3 Apr 2014

Women Who Hum Are the Hope of the Future

Un Colibri

The troubling thing about living in a fully digital age is that whilst technology has been consummated, men, women and children have all effectively been disqualified; they have lost not only their independence but also their imagination. For who dares to daydream or fantasise when they have movies on demand; who needs to whistle a happy tune when they are connected to an i-Pod which streams non-stop music into their ears? 

Baudrillard refers to this as a form of existential unemployment and fears that the obsolescence of our species is racing towards a terminal phase in which our fate will no longer be in our own hands, but determined exclusively by machines to which we have transferred decision-making in a symbolic act of capitulation:

"In the end, human beings will only have been an infantile illness of an integral technological reality that has become such a given that we are no longer aware of it ... This revolution is not economic or political. It is an anthropological and metaphysical one. And it is the final revolution - there is nothing beyond it. In a way, it is the end of history, although not in the sense of a dialectical surpassing, rather as the beginning of a world without humans."

- Jean Baudrillard, The Agony of Power, trans. Ames Hodges, (Semiotext(e), 2010), p. 80. 
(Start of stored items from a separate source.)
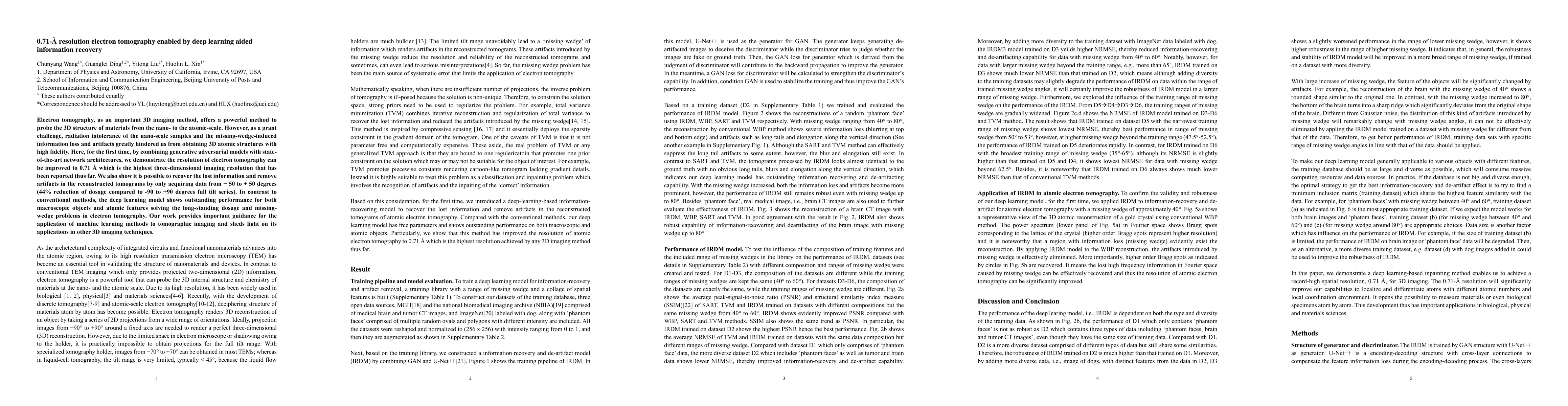 Researchers improved electron tomography resolution to 0.71 angstrom using deep learning and reduced data acquisition time by 44% while maintaining high image quality.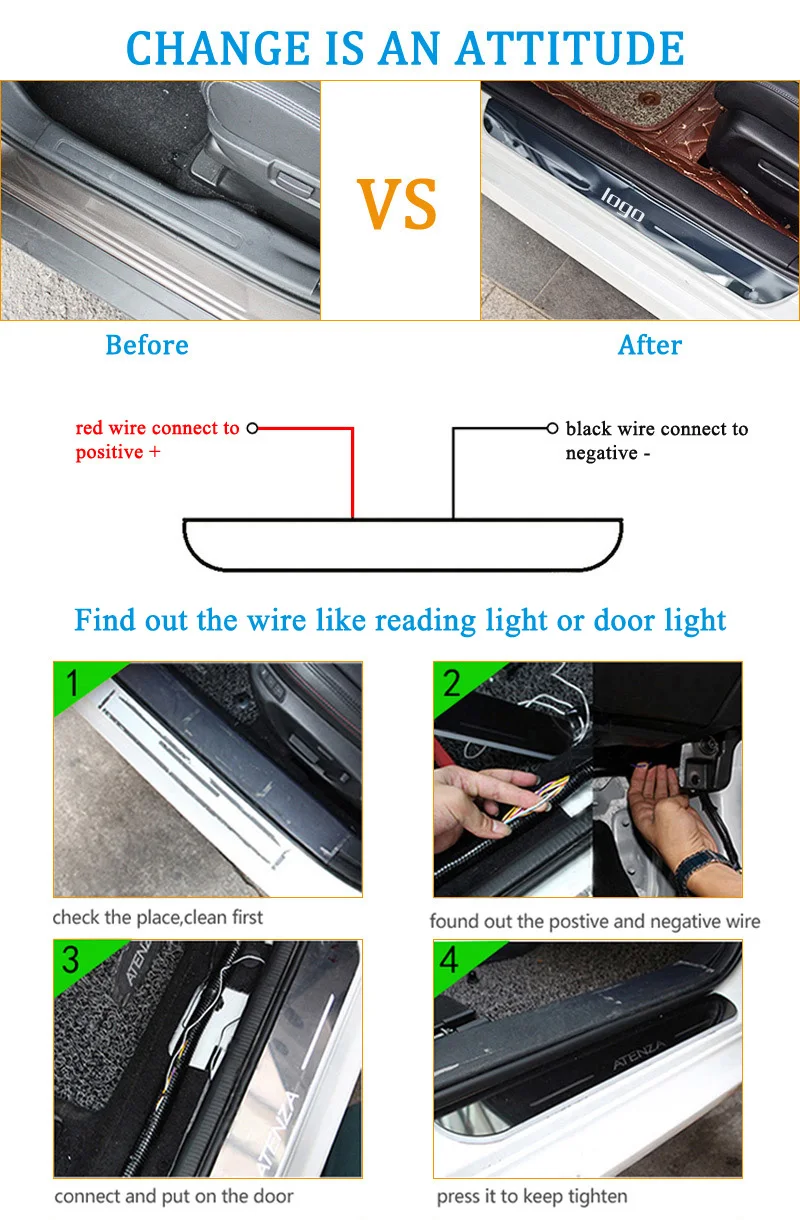 Подвижная светодиодная подсветка для автомобиля, Накладка на порог ...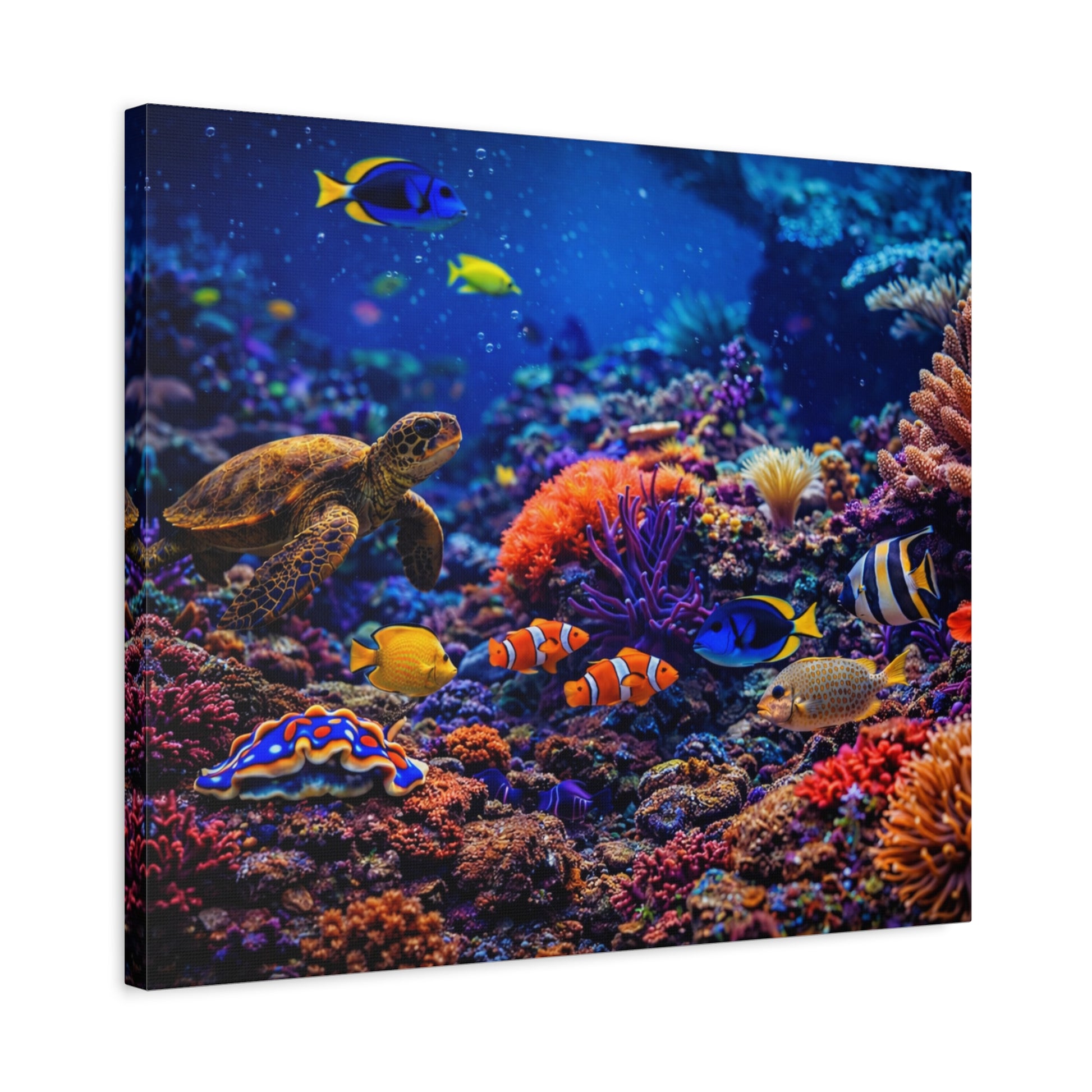 This stretched matte canvas invites you into the quiet wonder of a living reef, where color, movement, and calm exist in gentle balance. Beneath the surface, rich hues and fine detail reveal the graceful curve of a sea turtle, the patterned flash of clownfish, and the layered textures of coral—each element resting in its created place.

This pessimistic conclusion contrasts starkly with the laughable idealism of those who retain their faith in the future and believe in the unlimited morphological adaptability of our species and its becoming-cyborg. Faced with an obvious inferiority to their own smart phones, transhumanists accept voluntary servitude; rather than disappear altogether, they choose to be biologically engineered and cloned. In other words, ashamed of their own mortal imperfection, the machine-ticklers are prepared to make themselves sexless and loveless; beings who pass through life knowing nothing of joy or sorrow and whose nights are no longer shaken by terror or ecstasy.  

At this point, as Nietzsche would say, I cannot suppress a sigh and one small hope; a hope that there might still be others in this world like the young French woman I met recently who, when sitting quietly and contentedly in the corner of a book-filled room, thinking her own thoughts, almost inaudibly started to hum ...          

2 Apr 2014

On the Agony of Power II: The White Terror of World Order


Jean Baudrillard by Guillem Cifré
www.artisopensource.net

According to Baudrillard, domination becomes hegemony when the slave internalizes the master. But for this to happen, power must also absorb the negative - and that's problematic. For whilst the negative can certainly be swallowed, it can never be fully digested; rather, it starts to eat away at power from the inside in a cannibalistic manner. Justice is served in the form of auto-liquidation.    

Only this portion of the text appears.